The Only Bread You're Allowed To Use For Tomato Sandwiches
A tomato sandwich might be a curiosity to some people, but to those who grew up in the Southern United States with a taste for tomatoes, it is one of the best dishes on the planet. Tomato sandwiches are exactly what they sound like: tomato slices sandwiched between two slices of bread, plus some mayonnaise. Of course, such simplicity warrants excellent ingredients, and although the tomato is the star of the show here, even the type of bread you use matters.
Before you reach for a $10 loaf of sourdough (America's choice during tough times) or an artisan brioche, know that the majority of Southerners will agree that the absolute best bread for a tomato sandwich is soft white sandwich bread, the kind you can pick up in any grocery store, not a fancy French bakery. You don't want anything to take away from the flavor of your tomato, like a nutty or flavored bread, and your teeth should sink right into the sandwich, so it's not the time for a chewy crumb. In addition, white sandwich bread works like a sponge to absorb some of that glorious tomato juice that will undoubtedly ooze out of the fruit as you bite into it.
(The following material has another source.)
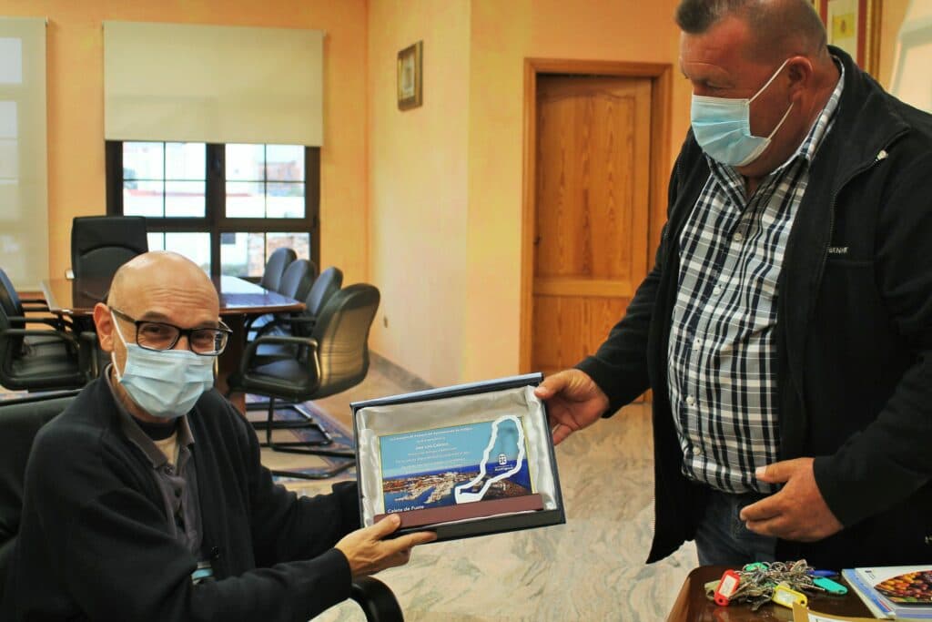 El alcalde ha entregado al párroco Jose Luis Cabrera una placa como reconocimiento a esta colaboración, tras un cordial encuentro de ambos en el Ayuntamiento de Antigua, en el que han podido tratar otros temas como la preparación de los oficios de Todos los Santos, retomando de nuevo este año la oración en el Campo Santo de Antigua el próximo 1 de noviembre.

In addition to the bread, you should aim to use the biggest and best tomatoes you can find, preferably homegrown or heirloom varieties from a local farmer's market. These also happen to be the best types for BLT sandwiches. As far as the mayonnaise goes, Duke's brand is king in the South, but any good mayo will do.
It's a Southern thing
Heirloom tomatoes and the recipes they inspire are popular all over the country, which might make you wonder why the South took to the tomato sandwich so fiercely. Simply put, tomatoes like heat, and a lot of it. The fruit that thinks it's a veggie thrives in very warm temperatures, of which the South provides generously, especially in the summertime. In such conditions, tomatoes grow big and juicy, and in bulk, so the sandwich could have been a way to consume excessive amounts of them.
The earliest reference to the tomato sandwich can be found in an article titled, "Diet of the Teetotaler" from the "Alexandria Gazette," published on October 21, 1911. The author describes eating a meal that consisted of a lettuce and tomato sandwich, watermelon, iced tea, and a slice of coconut pie. Southerner or not, even after more than 100 years, that sounds amazing.
Interestingly enough, when tomatoes first came to the United States in the 1800s, they were considered poisonous. It was Thomas Jefferson who urged people to reconsider this assumption; he himself planted tomato seeds in his own garden at Monticello in Virginia where they, no doubt, grew beautifully due to the Southern climate. By the 1850s, tomatoes were considered a safe and delicious food.
Whether or not Jefferson ate his tomato slices on bread, we might never know. But if he is like other passionate gardeners, he might have stood right there in the soil and chomped on a ripe, just-picked tomato. Which is, perhaps, the second best way to eat garden tomatoes, right behind the tomato sandwich.